Thelonious Monk's Recently Unearthed 'Palo Alto' Is a Stellar Posthumous Live Set
It’s a story that almost seems like a publicist dreamt it up, but it really happened. In the fall of 1968, a 16-year-old jazz fanatic and high school student named Danny Scher had the audacious idea of inviting legendary jazz pianist Thelonious Monk to perform a show at his high school’s auditorium in Palo Alto, California. Somehow, the stars aligned, and Monk agreed to play the gig, accompanied by his then-steady touring band of Charles Rouse (tenor saxophone), Larry Gales (bass), and Ben Riley (drums). Adding to this already tantalizing story is that the school’s janitor recorded the performance and handed it to Scher after the show. It sat in his attic for decades before he approached Monk’s son, drummer T.S. Monk, about releasing the set posthumously (the elder Monk passed away in 1982 at the age of 64).
For what’s essentially a bootleg recording, the sound quality of the 47-minute set from 27 October 1968 is surprisingly strong. “That performance is one of the best live recordings I’ve ever heard by Thelonious,” says T.S. Monk, who founded the Thelonious Monk Institute. “I wasn’t even aware of my dad playing a high school gig, but he and the band were on it. When I first heard the tape, from the first measure, I knew my father was feeling really good.” He’s absolutely right. Monk was riding a critical wave by 1968 – his quartet was at a creative pinnacle, and Monk appeared on the cover of Time just four years prior. Despite financial burdens and health difficulties, Monk sounded as fresh and inspired as ever while performing in front of the young Bay Area crowd.
The setlist is a somewhat unsurprising one for anyone familiar with Monk’s repertoire, but that makes the music no less thrilling. Opening with his own “Ruby Dear”, Monk and the band dazzle from the very start, with Rouse and Monk each taking breathtaking solos as Gales and Riley provide typically expert accompaniment. Other Monk compositions are sprinkled throughout the set, including two which take advantage of their lengthy run times to allow all four members to take solos: the lively “Well You Needn’t” (in which Riley’s solo, in particular, is full of bold, jaw-dropping energy) and the playful “Blue Monk”. On “Epistrophy”, Monk and the band seem particularly inspired as the chemistry of the foursome – already a well-known force in jazz music at the time – is positively ablaze with energy. They may be playing a small suburban high school auditorium. Still, for all the white-knuckle intensity of the performance, it might as well have been Carnegie Hall or a high-profile international jazz festival.
The set is rounded out by a couple of covers, performed solo by Monk.
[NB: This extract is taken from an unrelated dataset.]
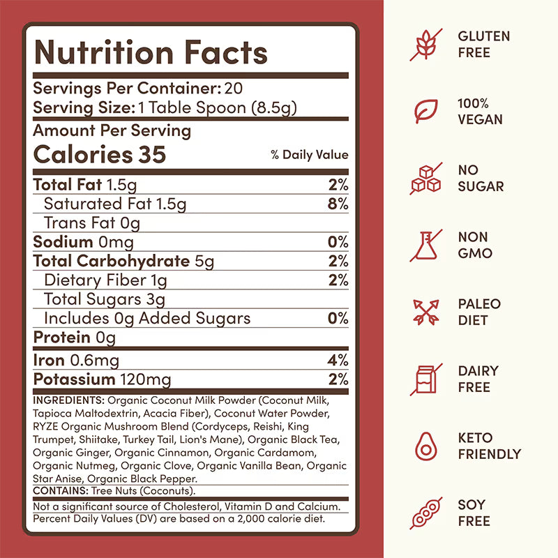 Yes! RYZE Mushroom Chai contains 1000mg (per serving) of our proprietary 6-mushroom blend, including Reishi, Lion’s Mane, King Trumpet , Shiitake, Turkey Tail, and Cordyceps.

His interpretation of Jimmy McHugh’s “Don’t Blame Me” is equal parts tender, technically dazzling, and full of the playful atonality that made Monk so famous and beloved. For an encore, Monk once again steps out on his own with a brief but enormously elegant reading of Rudy Vallee’s “I Love You Sweetheart of All My Dreams”. After a well-deserved standing ovation, Monk tells the crowd, “We have to hurry back to get to work, you dig?” before heading out to that evening’s concert in nearby San Francisco.
Monk’s appearance at the Palo Alto high school came during a year filled with racial strife, assassinations, and the Vietnam War’s ongoing tumult. The concert – attended by Palo Alto residents and the mostly African-American East Palo Alto – could be seen as a brief reprieve from the madness, at least for this tiny pocket of America. Thanks to a resourceful janitor and an idealistic teenager – who unsurprisingly grew up to be a successful promoter, working alongside the legendary Bill Graham – that reprieve is now available for 21st-century jazz fans to discover with joy and wonder, as it sits comfortably amongst Monk’s finest recorded works.